Ich will keinen Schwalbe mehr fahren.

Bin mal gespannt, was noch für Tipps kommen


----------



## MTB-News.de




----------



## KarinS (22. April 2015)

bin erst ein Rad mit Specialized Butcher vorne und Purgatory hinten jeweils in 2.3 Probe gefahren. Fand die Kombi nicht schlecht, vom Rollwiderstand ok, vom Grip her fand ich es aber schlechter als meine Kombi Maxxis Minion vorne und Ardent hinten. Bei der Maxxis Kombi
ist halt der Rollwiderstand nicht mehr sooo toll, dafür bergab für ziemlich alles geeignet. Hast Du schon mal den Mountain King in 2.4 probiert? Fand den auch nicht schlecht....


----------



## mtbbee (22. April 2015)

Der neue 2015er Nobby Nic soll inzwischen ausgezeichnet sein. Guter Grip, relativ leicht, mit wenig Luftdruck fahrbar sein.

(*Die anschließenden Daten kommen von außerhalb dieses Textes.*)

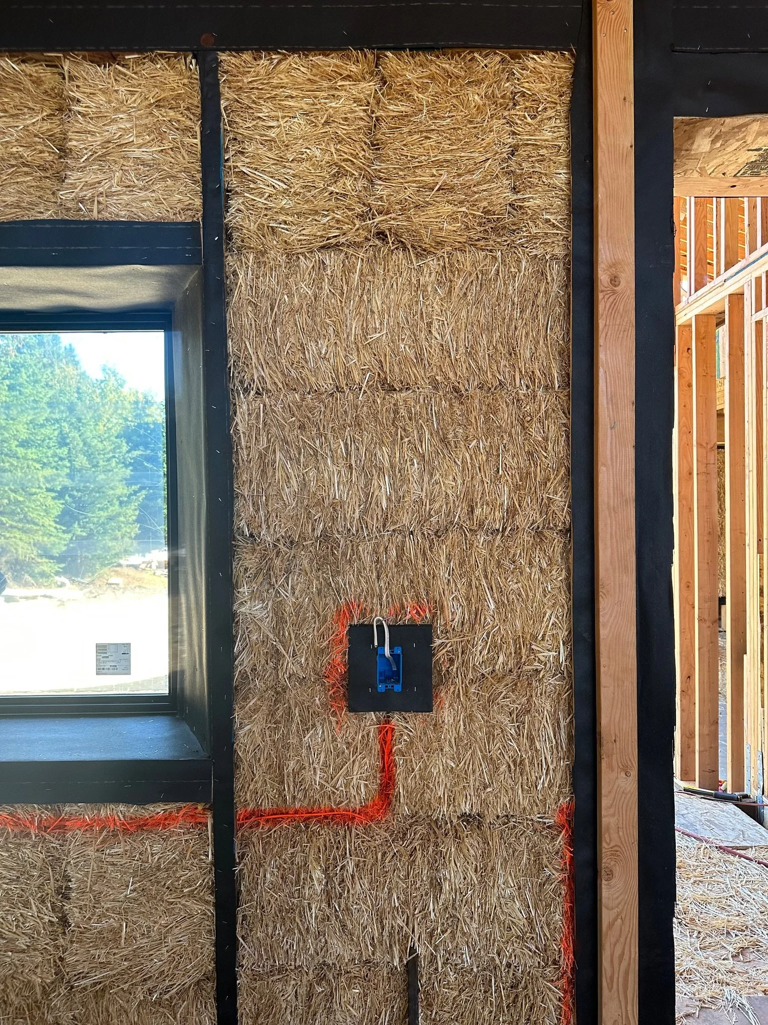 The wiring is best installed directly in the bales after they have been stacked, tamped, and trimmed but before they have been meshed. If you plan on creating niches in the face of the bales, it is good practice to cut those in before the electricians run their wires.

Aus eigener Erfahrung gefällt mir vorne der Ground Control sehr gut (nur nicht im Matsch) und hinten entweder der Larsen TT oder der Hutchinson Cougar

Hutchinson (Toro/Cougar)
Specialized (Ground Contol/Butcher/Purgatory)
Bontrager Reifen
- werden alle leider unterschätzt und zu wenig neutral getestet.

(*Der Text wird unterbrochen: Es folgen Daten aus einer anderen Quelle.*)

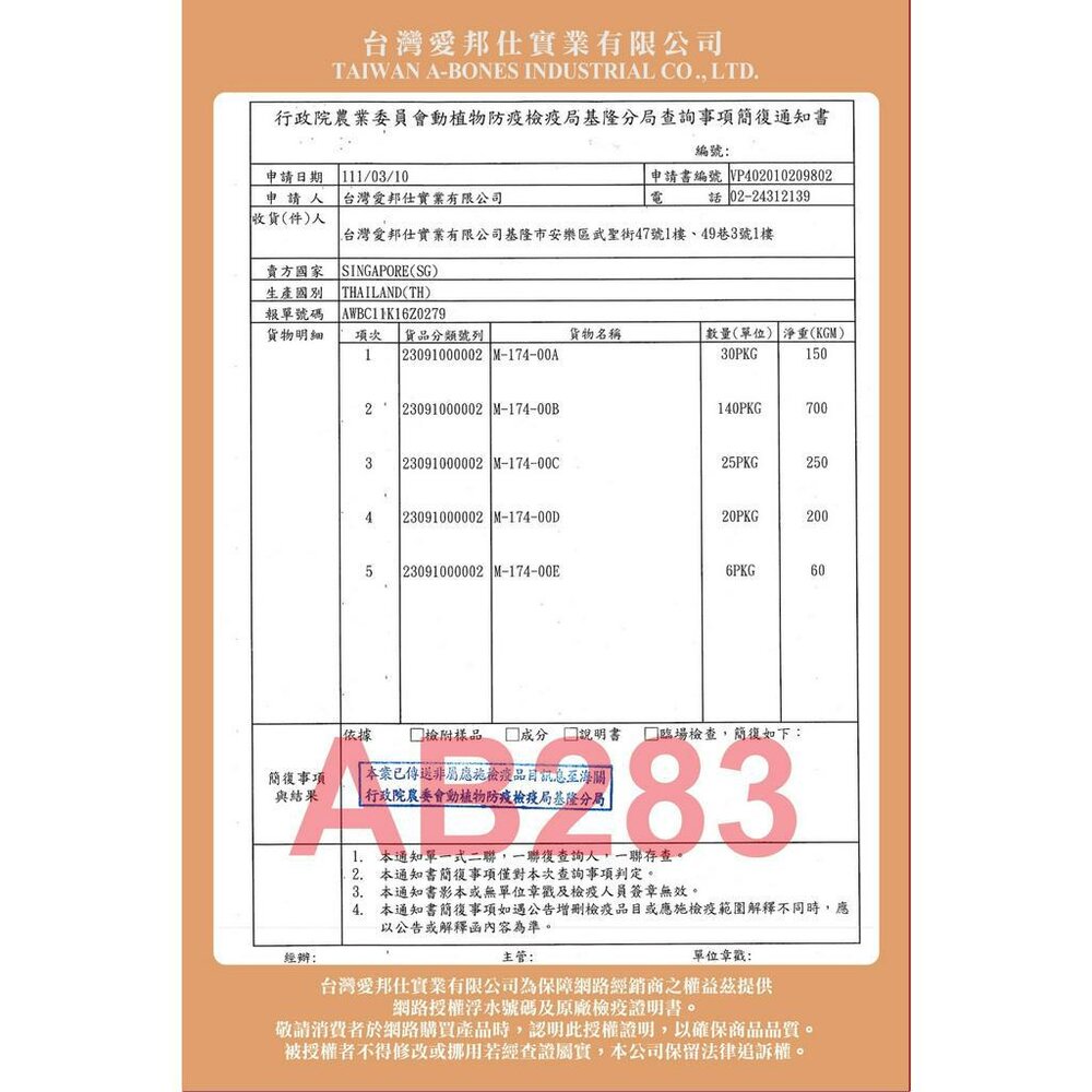 營養標示及含量:粗蛋白質 45.7%↑,粗脂肪 31.4%↑,粗纖維 8.2%↓,粗灰分 7.4%↓,水份 3%↓。

Kollege hat sich auch wieder Bontrager geholt XR4 / XR 3 .. Team Issue und ist momentan auf Münchner Wurzelpasagen recht zufrieden.


----------



## Pfadfinderin (22. April 2015)

Ich fahr vorne eine Conti Rubber Queen (gibt´s nicht mehr, Nachfolger Trailking) in 2,2, die baut recht breit und hinten einen Conti Mountain King, auch in 2,2. Mir reicht das und der Rollwiderstand ist sehr gut, ebenso wie das Gewicht. Beides in der Black Chili Compound als Protection Version. Leider sind die Contis recht teuer


----------



## HiFi XS (22. April 2015)

Gewichstmässig sind die Team Issue von Bontrager vorne. Sind 100 gr. leichter als Trailking ProTection. Ich überlege. Die Bontrager sind teuerer als die Conti. Online kriegt man den Rubber Queen nachfolger für knapp 33 EUR als Faltreifen/black chili Protection.  Dazu - die Rubber Queen war ja eine lieblings Reifen von mir. Hab sie gefahren bis mein HiFi gestolen wurde.

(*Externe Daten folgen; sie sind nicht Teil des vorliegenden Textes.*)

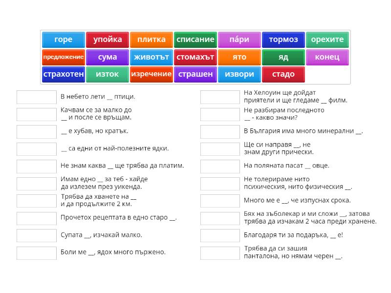 предложение - Имам едно __ за теб - хайде да излезем през уикенда., изречение - Не разбирам последното __ - какво значи?, изток - Трябва да хванете на __ и да продължите 2 км., извори - В България има много минерални __., стомахът - Боли ме __, ядох много пържено., животът - __ е хубав, но кратък. , горе - Качвам се за малко до __ и после се връщам., сума - Не знам каква __ ще трябва да платим., орехите - __ са едни от най-полезните ядки., яд - Много ме е __, че изпуснах срока., страхотен - Благодаря ти за подаръка, __ е!, страшен - На Хелоуин ще дойдат приятели и ще гледаме __ филм., упойка - Бях на зъболекар и ми сложи __, затова трябва да изчакам 2 часа преди хранене., конец - Трябва да си зашия панталона, но нямам черен __., пáри - Супата __, изчакай малко., ято - В небето лети __ птици., плитка - Ще си направя __, не знам други прически., стадо - На поляната пасат __ овце., списание - Прочетох рецептата в едно старо __., тормоз - Не толерираме нито психическия, нито физическия __.,

Continental Trail King RaceSport Faltreifen 55-559 (26x2.2) schwarz 3/180tpi BlackChili-Compound  .... vielleicht ist das was.

Mountainking in 2,4... hmm.


----------



## HiFi XS (22. April 2015)

Noch eine Frage - wer von euch fährt Tubeless?


----------



## mtbbee (22. April 2015)

ICH / Wir - fahren an allen schmalbereiften Räder Tubless


----------



## KarinS (22. April 2015)

ich / wir. Funktioniert mit Maxxis Reifen problemlos, bei Conti war das (zumindest beim letzten Versuch vor 2 Jahren) extrem schwierig. Lt meinem Händler sollte es auch mit den Specialized Reifen problemlos funktionieren (die sind auch preislich interessant)


----------



## Stobbelhopser (22. April 2015)

Mahlzeit,
ich fahre auch alle Tubless, ausser das Arbeitsrädchen.
Vom Rollwiderstand finde ich den "RacingRalph" von Schwalbe super, ist meiner Meinung nach aber nix für groberes Geläuf. 
Bis letztes Jahr bin ich auch die "RubberQueen" von Conti gefahren. In dieser ultra leichten Ausführung. Der war echt super leicht und lief gut. Jetzt habe ich von Mavic diesen Crossmax (Enduroreifen Vorder- und Hinterrad unterschiedlich) drauf und bin super begeistert von der Traktion, allerdings ist der kein Wunder an Leichtigkeit und Rollwiderstand.


----------



## HiFi XS (22. April 2015)

Erstmal vielen Dank für die rege Beteiligung! Tubeless Fahrer - wer noch? 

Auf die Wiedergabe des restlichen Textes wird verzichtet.